Where Vocational Ed. Meets The Ivory Tower

I’ve heard academics reflexively dismiss competency-based education as a “dumbing down” of the college curriculum – as if it would remove the high-level thinking demanded of university students and reduce it to a vocational education program. It seems to me that vocational ed and four-year institutions can actually learn a lot from one another.

In higher ed, most assessment does not rise above the lowest Bloom’s Taxonomy verbs — namely, Recall and Understanding. Moving up Bloom’s Taxonomy, we get to Application, Analysis, Synthesis, Evaluation, and Creation. These higher-order thinking skills are highly prized by employers and virtually ignored by college faculty. This reminds me of the Zig Ziglar quote:

if you aim at nothing, you will hit it every time

While university instructors see evidence of critical thinking all around them, they don’t explicitly teach it or assess for it – it just magically happens (in some students) as a by-product of a college education. The reason they see it so frequently is because universities attract elite students who are well-prepared to think critically about content without being explicitly taught how. However, if we are committing to attract less-prepared students and stimulate them to develop critical thinking skills, it won’t happen unless we teach and assess these skills explicitly – as competencies.

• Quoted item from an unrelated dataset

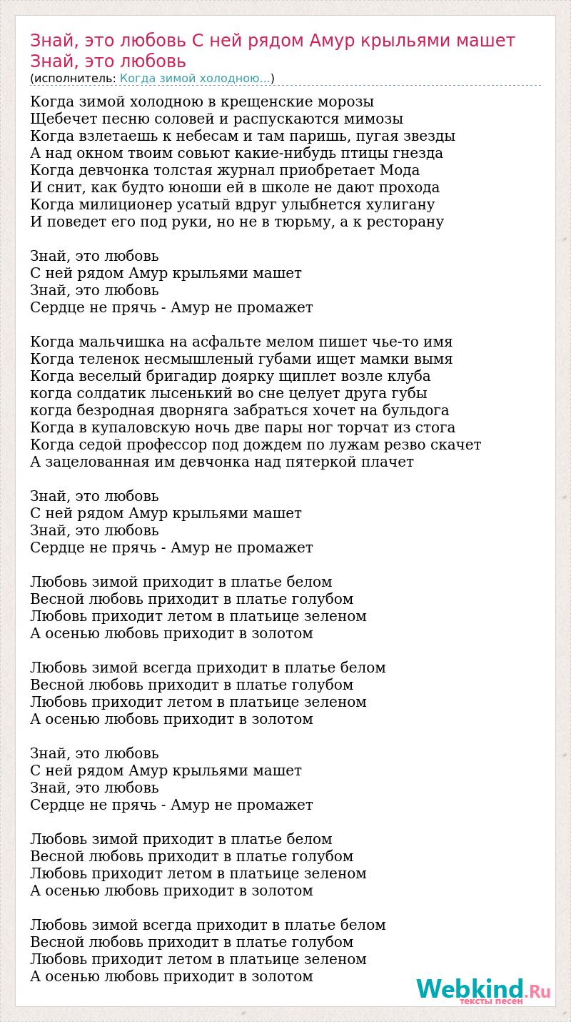 Когда зимой холодною в крещенские морозы Щебечет песню соловей и распускаются мимозы Когда взлетаешь к небесам и там паришь, пугая звезды А над окном твоим совьют какие-нибудь птицы гнезда Когда девчонка толстая журнал приобретает Мода И снит, как будто юноши ей в школе не дают прохода Когда милиционер усатый вдруг улыбнется хулигану И поведет его под руки, но не в тюрьму, а к ресторану Знай, это любовь С ней рядом Амур крыльями машет Знай, это любовь Сердце не прячь - Амур не промажет Когда мальчишка на асфальте мелом пишет чье-то имя Когда теленок несмышленый губами ищет мамки вымя Когда веселый бригадир доярку щиплет возле клуба когда солдатик лысенький во сне целует друга губы когда безродная дворняга забраться хочет на бульдога Когда в купаловскую ночь две пары ног торчат из стога Когда седой профессор под дождем по лужам резво скачет А зацелованная им девчонка над пятеркой плачет Знай, это любовь С ней рядом Амур крыльями машет Знай, это любовь Сердце не прячь - Амур не промажет Любовь зимой приходит в платье белом Весной любовь приходит в платье голубом Любовь приходит летом в платьице зеленом А осенью любовь приходит в золотом Любовь зимой всегда приходит в платье белом Весной любовь приходит в платье голубом Любовь приходит летом в платьице зеленом А осенью любовь приходит в золотом Знай, это любовь С ней рядом Амур крыльями машет Знай, это любовь Сердце не прячь - Амур не промажет Любовь зимой приходит в платье белом Весной любовь приходит в платье голубом Любовь приходит летом в платьице зеленом А осенью любовь приходит в золотом Любовь зимой всегда приходит в платье белом Весной любовь приходит в платье голубом Любовь приходит летом в платьице зеленом А осенью любовь приходит в золотом

Even though such a learning model would focus on the low rungs of Bloom’s, they’re a critical first step in the student’s next tasks, which require them to apply this understanding to a novel project or problem. They have to make sure they’ve fully understood the content they’re responsible for, but the real assessment, where their grade comes from, is their ability to use that mastered information to create an authentic work artifact – something that would be part of their job if they were in the workplace.

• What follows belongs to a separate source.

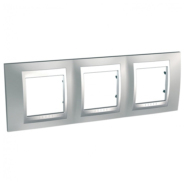 Рамка Schneider Electric UNICA TOP (хром матовый) трёхместная с алюминиевой декоративной вставкой.

Think of the “star worker” on your team at your job. The person that, if you had ten of them, it could take your work to the next level. What is it that that person does that adds so much value to your team? What are the tasks, skills, and habits that make this person different from other workers on your team? The projects students create should look very much like the unique work products from your star employee. Students who can perform at that level pass the competency, and students who don’t get it on the first try get more opportunities to revise, practice, and work with instructors until they demonstrate mastery.

Faculty Revision, Mentor Coaching

We have automated the delivery of content so faculty subject-matter experts can spend a much higher percentage of their time reading, responding, and helping students to revise on those authentic work artifacts. They are working asynchronously, so students (wherever they are in the course sequence) can submit work and receive personalized feedback from an expert in the field. Faculty can grade student work on a rubric from within the LMS, and engage in a dialogue around how to achieve mastery on every rubric criterion.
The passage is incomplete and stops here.